昭和の風林史(昭和四八年三月二十四日掲載分)
三百円安、五百円安があっても
この(小豆の)相場は、こわれない。
押し目買いでよい。
「春蘭や耳にかよふは竹の雨 草城」
判らん―という人も多い。
なぜ小豆相場は急反騰したのか。
需給関係のみ、
あるいは古来の伝統あるケイ線観を
主とした相場観では、
現在の小豆相場の動きは、とても理解出来ないのである。
まして、(途中に起伏はあろうが)
この小豆が全値戻しでもしようものなら
いよいよ判らなくなろう。
いや、時世である。強烈なインフレ。
そして換物人気。まして天災期を控えている。
しかも他商品の商いが強い規制の下にあって、
専業取引員の営業方針は
残された市場に集中せざるを得ない。
人々は、押したら買おうと思っている。
しかし深押しした時点では、
下値が深く思えて手が出ない。
反発した。さらに伸びる。しかも強い。
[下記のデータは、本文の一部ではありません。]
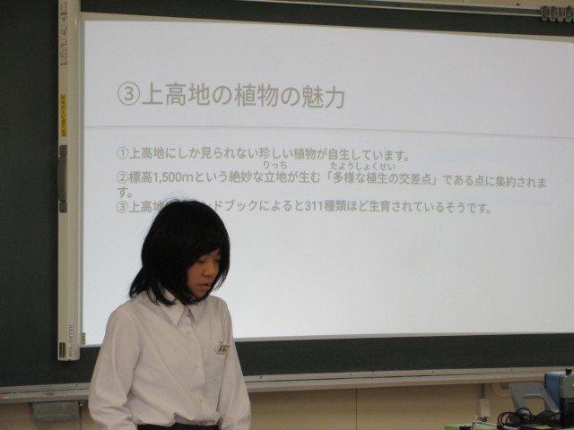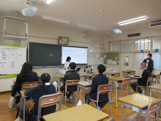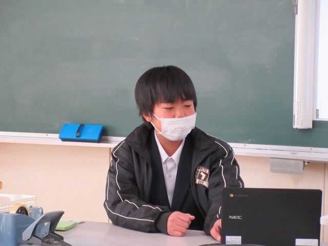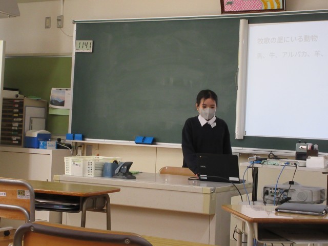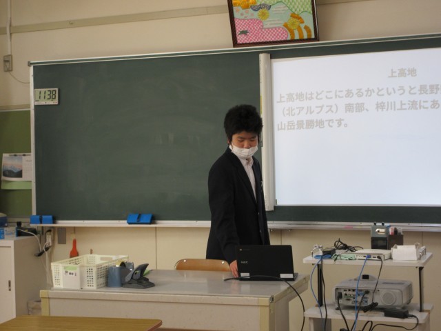 総合の時間の様子です。5月に行く野外学習についての調べ学習を発表しています。生徒一人一人が興味、関心を持っていることをスライドにまとめて発表しました。

S高までした。
こうなると押したら買おうの人気になる。
下げに対して
三分の一戻し、半値、三分の二戻しという地点は、
さすが警戒的だが、
相場根本の基調は
やはり一万六千円→八千円→二万円相場を指向しているのである。
さて目先、半値戻し(先限一万五千七十円処)を買って、
三分の二戻し、(五千四百九十円処)を
取ったあと浅く押すか、戻り一杯の格好を見せるかである。
現在までの戻りは窓を開けず着実な伸びであり、
熱狂もしていない。
いうなら、きわめて穏健な足取りである。
願うことは、このような地合いで
一万六千円→一万四千円→一万六千円という
二千円~二千五百円幅の
大きなジグザグ逆張り(高水準での高なぐれ)が続けば
規制を強化する必要もなく市場も結構繁昌する。
天災期に入るまでは時間待ちの、
そういう動きを誰しもが期待するだろう。
筆者は、東証ダウの高値での
今のような動きに似た格好になるのではないかと思っている。
相場は材料であるが材料ではない。
特にこれからの相場は人気である。
三百円安、五百円安が今の相場で出現しても、
相場基調は、こわれない。
S安込みで二千五百円もぶっ叩いても、
なんら、こわれなかった小豆である。
三百円安、五百円安、あるいは七百円のS安であろうと、
買い方針に変わりはないのだ。ともかく判りやすい動きである。
●編集部注
罫線は正直である。
簡単に言ってしまうとこの相場は、
売り方と買い方の一万四千円という陣地の獲り合い
といえば判りやすいのではないか。